→ Action item
From the line that contains "Cianjur – Pengamat" down to the last line of the data below, restate every line word for word, skipping any images.
---- Given data
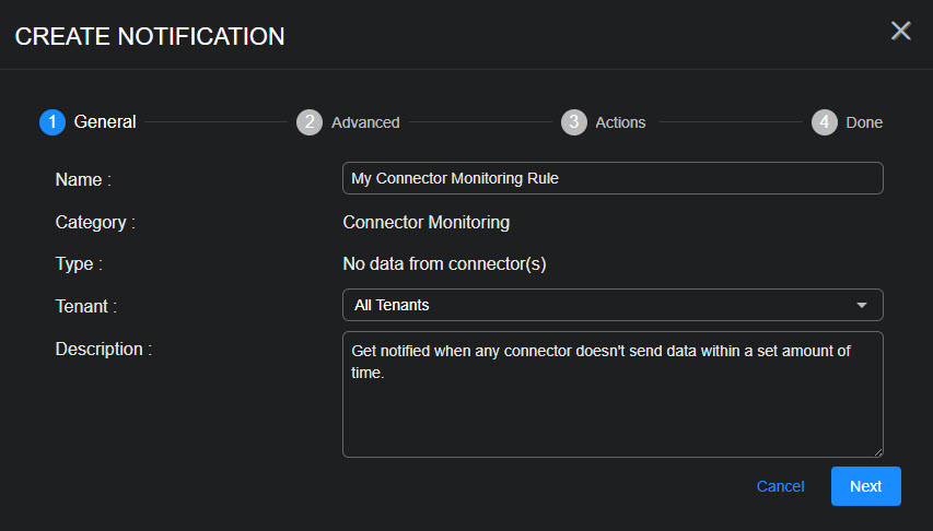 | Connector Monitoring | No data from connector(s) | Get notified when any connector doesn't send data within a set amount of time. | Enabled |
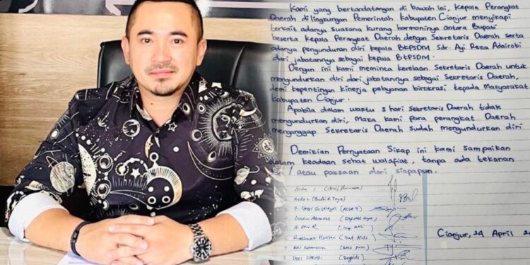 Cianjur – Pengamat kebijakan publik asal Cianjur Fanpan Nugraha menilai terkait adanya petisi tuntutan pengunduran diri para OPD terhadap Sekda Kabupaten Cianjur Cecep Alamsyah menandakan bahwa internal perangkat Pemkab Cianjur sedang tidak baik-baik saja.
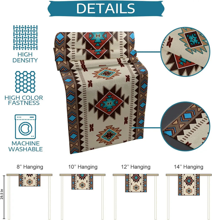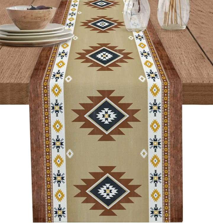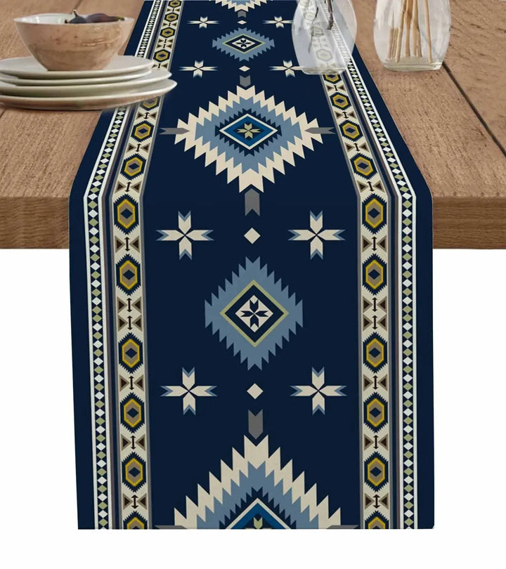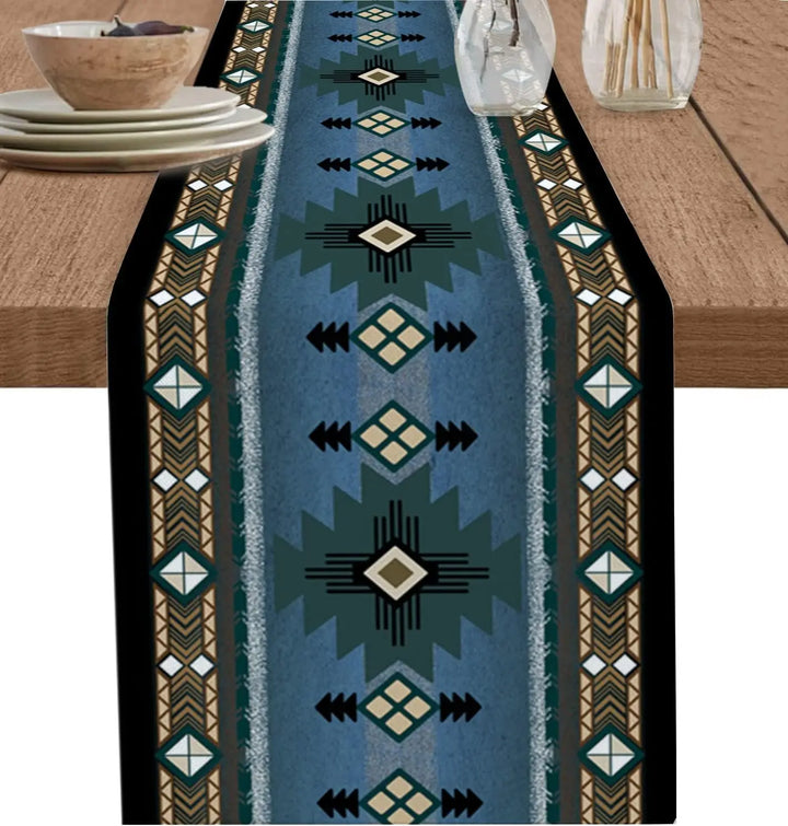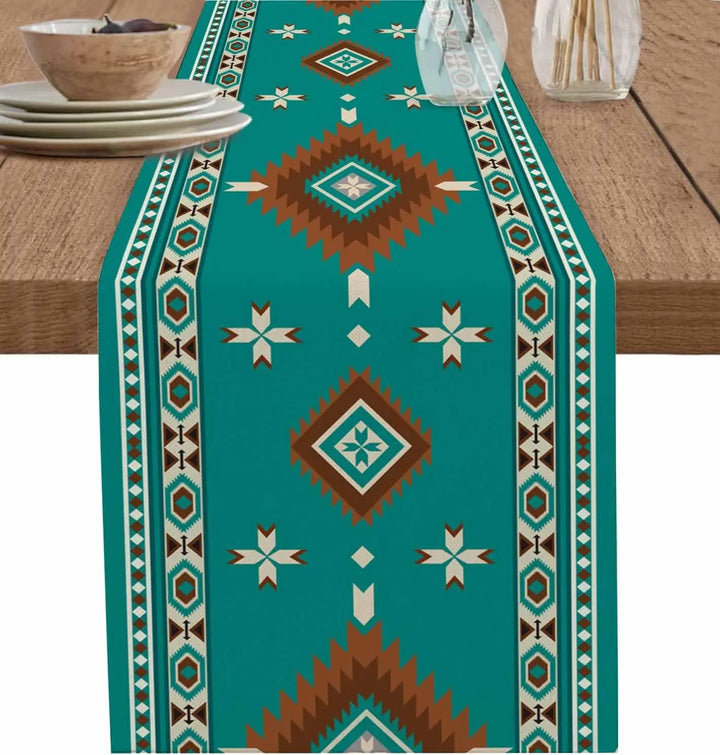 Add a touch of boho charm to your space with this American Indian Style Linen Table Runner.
--------
→ Result of this exercise
 Cianjur – Pengamat kebijakan publik asal Cianjur Fanpan Nugraha menilai terkait adanya petisi tuntutan pengunduran diri para OPD terhadap Sekda Kabupaten Cianjur Cecep Alamsyah menandakan bahwa internal perangkat Pemkab Cianjur sedang tidak baik-baik saja.
 Add a touch of boho charm to your space with this American Indian Style Linen Table Runner.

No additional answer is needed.